В эти «веселые» времена мы испытывали на себе еще и действие какой-то химической отравы, тайно подсыпаемой в пищу. Решили крикнуть об этом ребятам, когда поведут в баню.

– Не поверят ведь! – сказал сосед по камере. – Кто на себе не испытал, ничему не верит!

Я все-таки крикнул об отравлении и услышал смешок неисправимого оптимиста Шимона:

– Не говори чепухи! Нас скоро всех выпустят!

Шимон верил в разрядку. Нас он понял только тогда, когда сам надолго попал во внутреннюю тюрьму, на наше место… Печальный урок психологии.

В то время приснился мне страшный сон. Будто не сплю, лежу в той же камере. Смотрю в окошко, а там на фоне решетки между двойными рамами каким-то образом примостился один из моих камерных соседей. Лежит, не то спящий, не то мертвый, вполоборота, с закрытыми глазами. Я поворачиваюсь и вижу его же, лежащего на нарах, рядом со мной! В этом было что-то жуткое… Сосед спит рядом со мной, а в это же время его двойник за окном просыпается, приподымается между двойными рамами и смотрит на меня со зловещей жабьей усмешкой Каина… Я проснулся, похолодевший. Только потом, после событий, я понял: это был знак на будущее…

Днем над нами куражился майор Федоров, изголялся Рак, находили миллион зацепок и придирок прапорщики Махнутин и Ротенко. Но и ночью покоя не было. Окошко упиралось в глухой лагерный забор, над которым высился страж с автоматом. Среди ночи нас будил жуткий, нечеловеческий вопль:

«Стой, кто идет?!!»

От одного этого «Стой!» можно было получить разрыв сердца. Часовой орал так, будто сгорал заживо. Выказывал усердие.
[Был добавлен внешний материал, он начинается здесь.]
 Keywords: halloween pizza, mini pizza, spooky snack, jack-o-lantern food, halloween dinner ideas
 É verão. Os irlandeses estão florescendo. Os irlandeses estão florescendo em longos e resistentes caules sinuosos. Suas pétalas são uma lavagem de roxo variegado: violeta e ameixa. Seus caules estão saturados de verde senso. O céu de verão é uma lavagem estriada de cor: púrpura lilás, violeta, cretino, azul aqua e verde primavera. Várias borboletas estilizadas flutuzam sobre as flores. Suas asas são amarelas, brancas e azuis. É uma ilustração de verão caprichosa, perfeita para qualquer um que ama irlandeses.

Это была всего лишь смена караула… А днем – автоматная стрельба за забором, заливистый лай овчарок, резкие выкрики команд, топот марширующих ног, крики хором: «Здравия желаем, товарищ командир!» Получалось, будто куча дрессированных собак в унисон пролаяла: «Гав-гав-гав-гав!' С наступлением холодов майор Федоров обуреваем одной заботой: чтобы все камеры, стены которых покрывались водой и льдом, были постоянно заполнены до отказа. В зону его выводили на охоту, а в БУР он приходил насладиться жестокой игрой кошки с пойманными мышами. Когда мы выходили на прогулку, еще явственнее слышалось, как муштруются краснопогонники за забором. Приходил майор Киселев, старая седая лиса, антисемит и прохиндей, который писал рапорта до такой степени безграмотно, что зеки цитировали их друг другу, как образцы тупости.

– Ну, как мы себя чувствуем? – ехидно спрашивал он у нас, гуляющих по запертой клетке.
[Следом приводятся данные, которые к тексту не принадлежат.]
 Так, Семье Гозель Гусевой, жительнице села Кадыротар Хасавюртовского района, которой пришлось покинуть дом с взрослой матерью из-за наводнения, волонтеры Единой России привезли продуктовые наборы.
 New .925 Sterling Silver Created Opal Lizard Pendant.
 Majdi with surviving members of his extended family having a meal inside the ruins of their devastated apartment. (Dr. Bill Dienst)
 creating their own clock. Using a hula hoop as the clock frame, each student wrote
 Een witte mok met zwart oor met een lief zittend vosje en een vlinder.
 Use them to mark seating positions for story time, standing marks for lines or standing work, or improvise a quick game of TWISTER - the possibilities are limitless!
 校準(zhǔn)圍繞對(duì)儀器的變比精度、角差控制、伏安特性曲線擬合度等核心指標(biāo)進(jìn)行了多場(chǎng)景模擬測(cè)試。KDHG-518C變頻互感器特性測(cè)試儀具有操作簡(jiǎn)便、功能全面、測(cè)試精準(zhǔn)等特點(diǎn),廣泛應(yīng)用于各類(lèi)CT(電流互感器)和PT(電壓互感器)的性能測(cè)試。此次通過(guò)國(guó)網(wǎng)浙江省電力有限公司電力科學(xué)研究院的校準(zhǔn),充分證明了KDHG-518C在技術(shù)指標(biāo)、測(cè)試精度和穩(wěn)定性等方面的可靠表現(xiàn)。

– Да вот спорим, никак одной вещи в толк не возьмем!

– Ну!

– Коммунисты говорят, что произошли от обезьяны. Охотно верю, им виднее. Но вот от какой именно? От гориллы или от мартышки?

Киселев обижался смертельно, хотя был коммунистом и майором МВД. Ходили слухи, что он потихоньку ходит в церковь, замаливать грехи, накопленные в изобилии еще со времен Берии. Это не мешало ему продолжать свое дело…

– Я вот попросил врачиху Котову, жену коменданта лагеря, чтобы она меня к себе в собаки взяла! – рассказывал очередную хохму Красняк. – Обязался исправно сидеть на цепи и лаять всю ночь. Жить согласен в будке, пусть только кормит, как кормят собаку. Так она сказала, что я и ее, и ее детей сожру!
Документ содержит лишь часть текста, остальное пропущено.